TRY IT: Retype, word for word, each line between the lines holding "Насос оснащен трехфазным" and "через связи хищник", inclusive, and leave the rest of the data alone.

DATA FOR PROCESSING:
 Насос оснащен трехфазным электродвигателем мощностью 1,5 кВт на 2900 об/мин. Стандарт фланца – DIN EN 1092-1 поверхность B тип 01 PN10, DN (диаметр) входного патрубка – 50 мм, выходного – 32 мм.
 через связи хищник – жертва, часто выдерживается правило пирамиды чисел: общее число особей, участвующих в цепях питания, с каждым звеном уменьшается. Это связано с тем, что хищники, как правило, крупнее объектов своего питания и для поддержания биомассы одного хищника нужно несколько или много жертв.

--

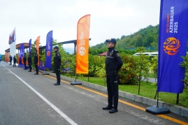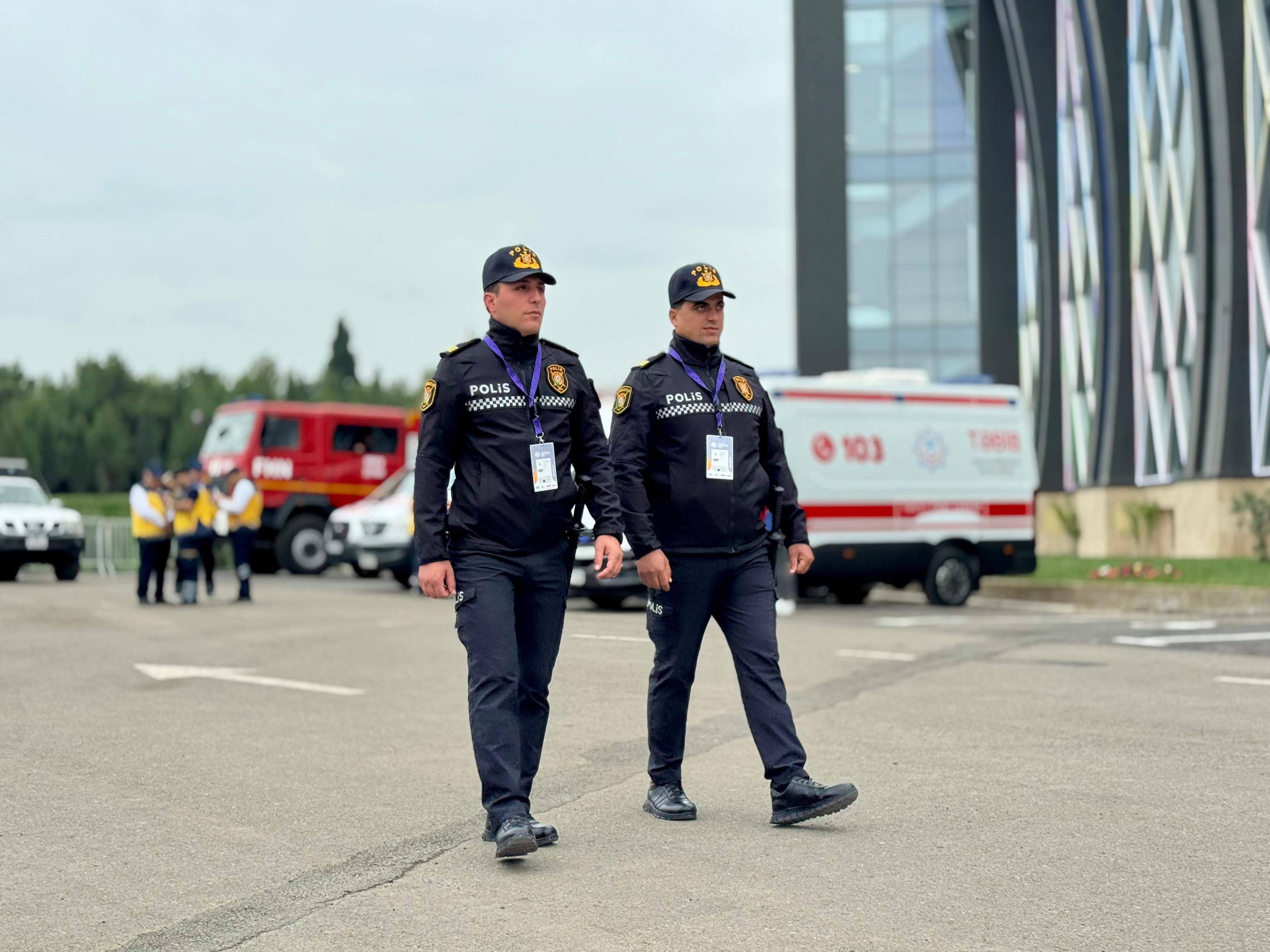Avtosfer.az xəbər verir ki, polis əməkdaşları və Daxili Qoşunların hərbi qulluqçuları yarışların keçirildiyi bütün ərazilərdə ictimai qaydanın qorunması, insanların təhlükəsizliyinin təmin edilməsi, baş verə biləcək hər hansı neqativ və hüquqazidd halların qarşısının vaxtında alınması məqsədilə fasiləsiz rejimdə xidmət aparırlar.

---

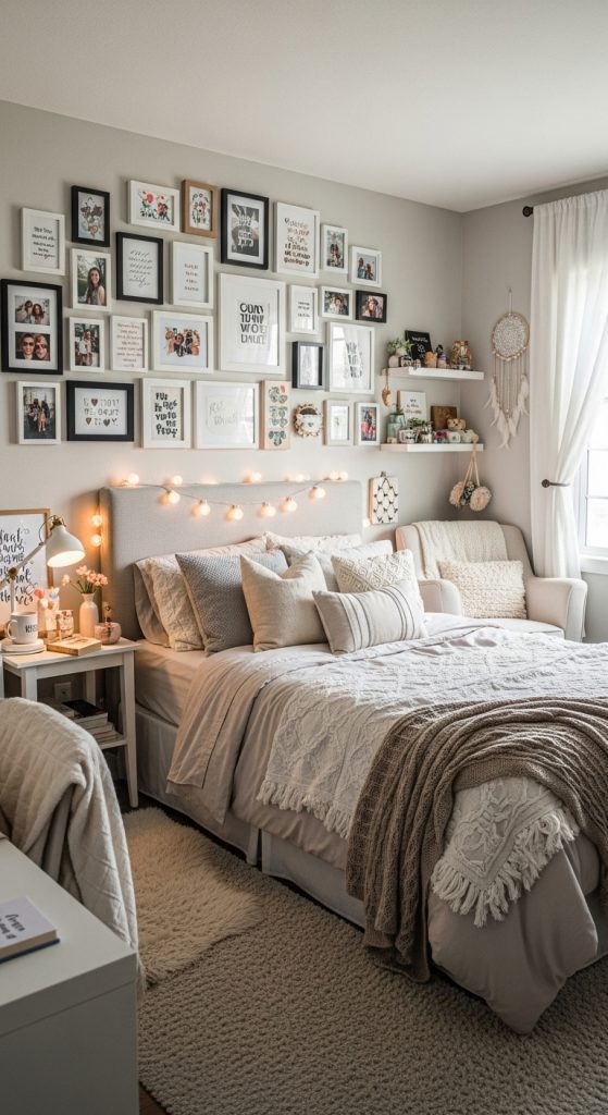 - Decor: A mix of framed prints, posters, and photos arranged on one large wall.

SOLUTION FOR THIS TASK:
 Насос оснащен трехфазным электродвигателем мощностью 1,5 кВт на 2900 об/мин. Стандарт фланца – DIN EN 1092-1 поверхность B тип 01 PN10, DN (диаметр) входного патрубка – 50 мм, выходного – 32 мм.
 через связи хищник – жертва, часто выдерживается правило пирамиды чисел: общее число особей, участвующих в цепях питания, с каждым звеном уменьшается. Это связано с тем, что хищники, как правило, крупнее объектов своего питания и для поддержания биомассы одного хищника нужно несколько или много жертв.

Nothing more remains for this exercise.